To look at the structure of the generated project, let's invoke the Project view:

Initial project structure

Dependencies

First, let's open the build.gradle.kts file and examine added dependencies:

dependencies { implementation("io.ktor:ktor-server-core:$ktor_version") implementation("io.ktor:ktor-server-netty:$ktor_version") implementation("io.ktor:ktor-server-content-negotiation:$ktor_version") implementation("io.ktor:ktor-serialization-kotlinx-json:$ktor_version") implementation("ch.qos.logback:logback-classic:$logback_version") testImplementation("io.ktor:ktor-server-test-host:$ktor_version") testImplementation("org.jetbrains.kotlin:kotlin-test-junit:$kotlin_version") }

Let's briefly go through these dependencies one by one:

  • ktor-server-core adds Ktor's core components to our project.

  • ktor-server-netty adds the Netty engine to our project, allowing us to use server functionality without having to rely on an external application container.

  • ktor-server-content-negotiation and ktor-serialization-kotlinx-json provide a convenient mechanism for converting Kotlin objects into a serialized form like JSON, and vice versa.

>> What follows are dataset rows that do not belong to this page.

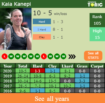 Kanepi has a solid win-loss record in the last 10 years having won 65% of her matches (226-122). 8-1 on indoor hard courts in 2020. In connection with her performance on the same surface of this event, Kanepi has a 43-14 win-loss record in the last years on indoor hard courts.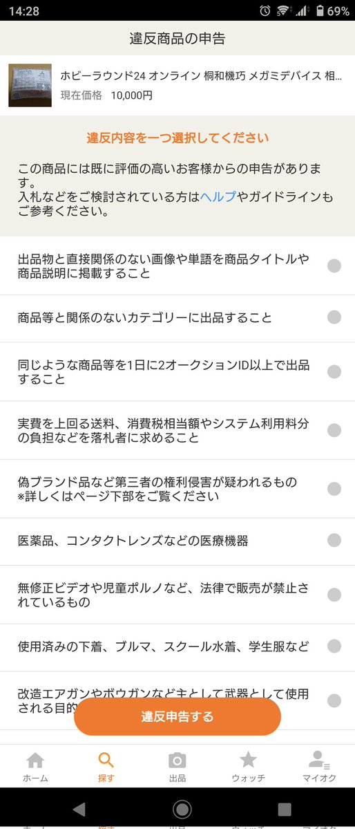 けどそれはそれとして転売屋はムカつくし版権的にもアウトなので「偽ブランド品など第三者の権利侵害が疑われるもの」から通報した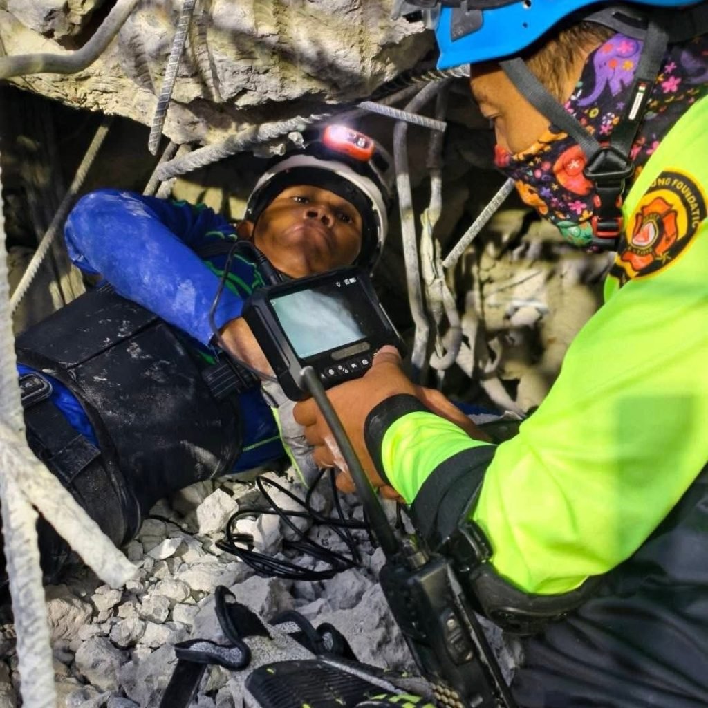 အဆောက်အဦးအား ဇုန် (Zone) များ သတ်မှတ်ပြီး ကယ်ဆယ်ရေးပြုလုပ်နေရာ Zone B ဘက်တွင် အဆောက်အဦး မျက်နှာပြင်အောက် ၃ မီတာအကွာတွင် တယ်လီဖုန်းမီးဖြင့် အချက်ပြနေသည်ကို တွေ့ရှိရသည်ဟု ယနေ့ နံနက် ဧပြီလ ၁၁ ရက် နံနက်ပိုင်းတွင် ကယ်ဆယ်ရေးပြုလုပ်နေသူများက ပြောဆိုထားခြင်းဖြစ်သည်။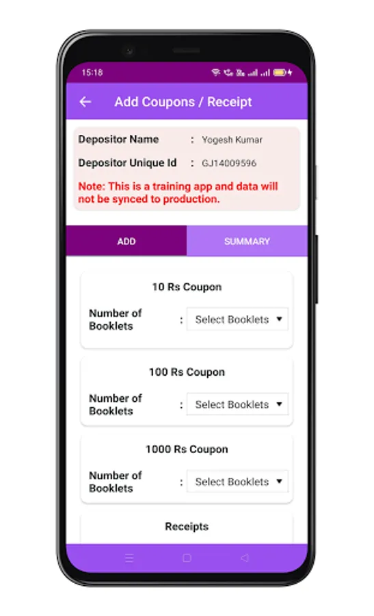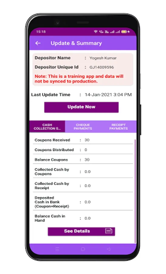 This APK is only used for Training purpose. Any data entered by Depositor will not reflect into bank deposit reconciliation. This APK is can be used by all Pranth & Jilla's for the purpose of training all Depositors and ensure they keep this APK exclusively for Training purpose only.

We will use it to format our APIs output, and to consume user input that is structured in JSON. In order to use ktor-serialization-kotlinx-json, we also have to apply the plugin.serialization plugin.

    plugins { kotlin("plugin.serialization").version("1.6.21") }
  • logback-classic provides an implementation of SLF4J, allowing us to see nicely formatted logs in a console.

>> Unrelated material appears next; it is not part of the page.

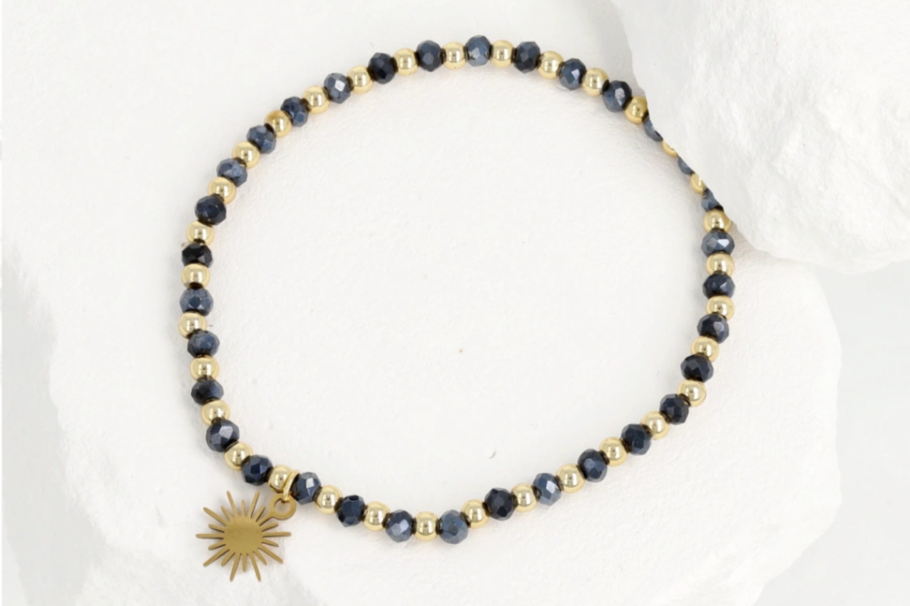 Granatowo-złota bransoletka z zawieszką słońce – elegancja z nutą symboliki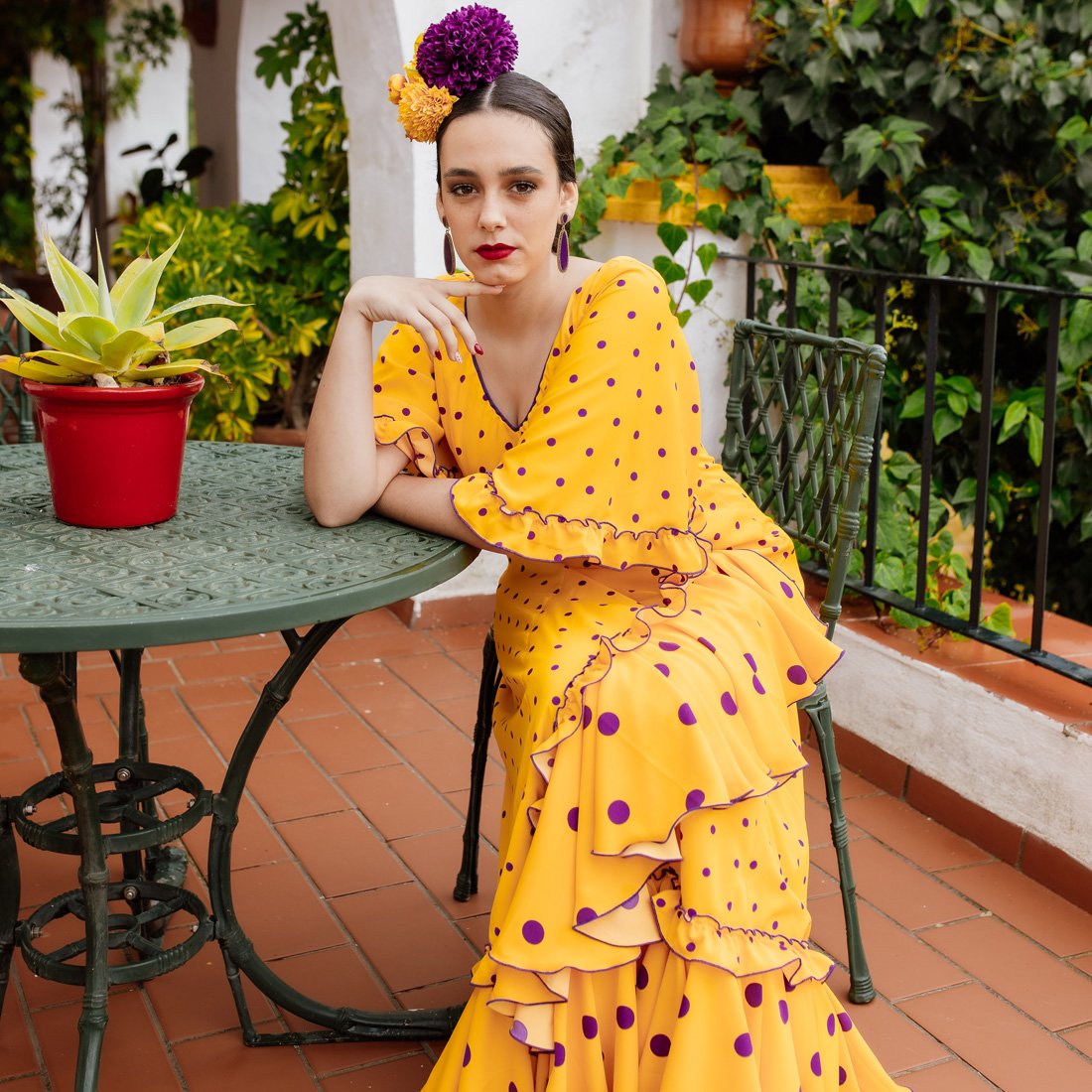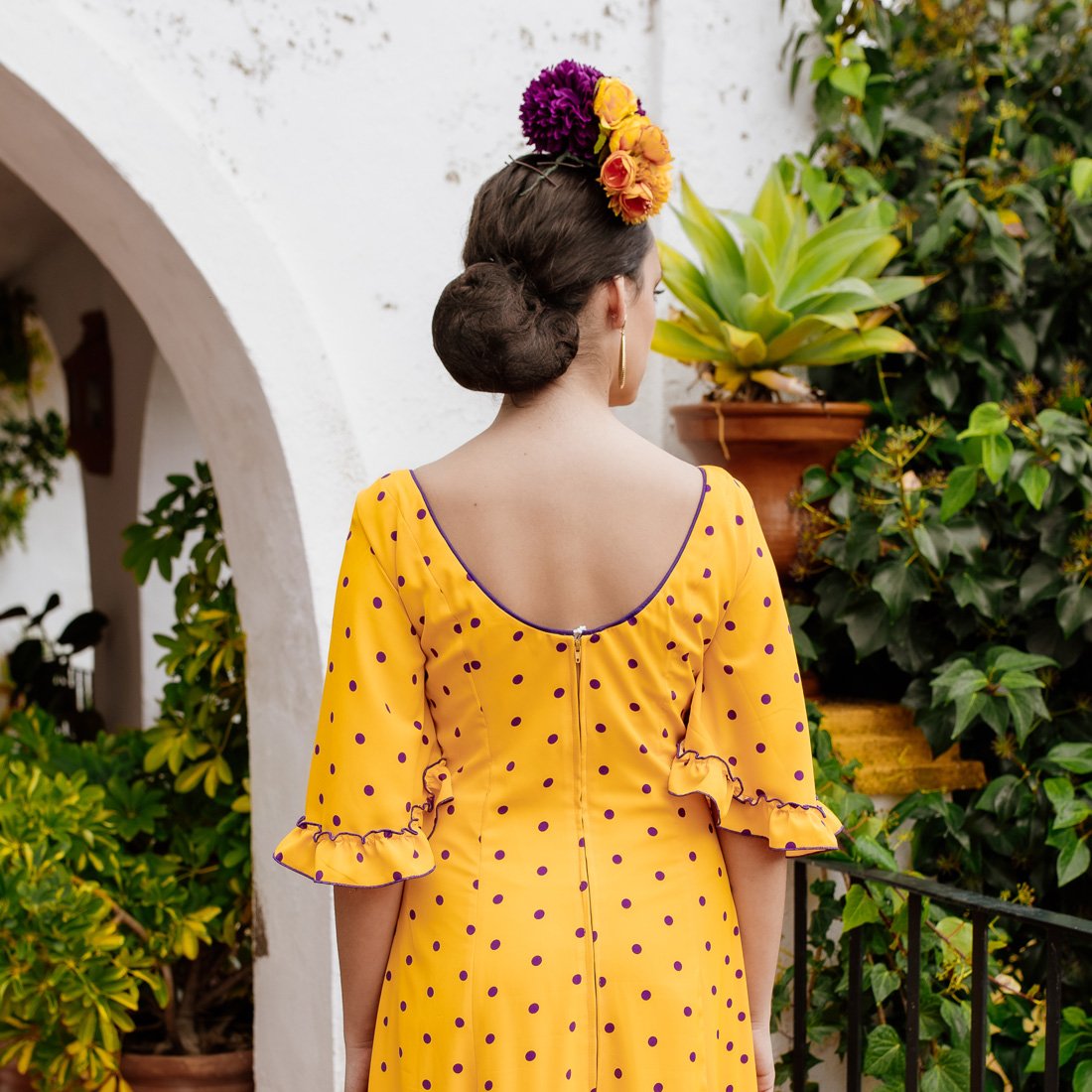 El contraste de lunares morados sobre fondo amarillo define una de las batas rocieras más alegres de la temporada. Incluye mangas de capa, escote en pico ajustable y opción de mantoncillo bordado con flecos artesanales.

  • ktor-server-test-host and kotlin-test-junit allow us to test parts of our Ktor application without having to use the whole HTTP stack in the process. We will use this to define unit tests for our project.

Configurations: application.conf and logback.xml

The generated project also includes the application.conf and logback.xml configuration files located in the resources folder:

  • application.conf is a configuration file in HOCON format. Ktor uses this file to determine the port on which it should run, and it also defines the entry point of our application.

    ktor { deployment { port = 8080 port = ${?PORT} } application { modules = [ com.example.ApplicationKt.module ] } }

    If you'd like to learn more about how a Ktor server is configured, check out the Configuration help topic.

  • logback.xml sets up the basic logging structure for our server. If you'd like to learn more about logging in Ktor, check out the Logging topic.

Source code

The application.conf configures the entry point of our application to be com.example.ApplicationKt.module. This corresponds to the Application.module() function in Application.kt, which is an application module:

fun main(args: Array<String>): Unit = io.ktor.server.netty.EngineMain.main(args) fun Application.module() { configureRouting() configureSerialization() }

This module, in turn, calls the following extension functions:

  • configureRouting is a function defined in plugins/Routing.kt, which is currently doesn't do anything:

    fun Application.configureRouting() { routing { } }

    We'll define the routes for customers and orders in the next chapters.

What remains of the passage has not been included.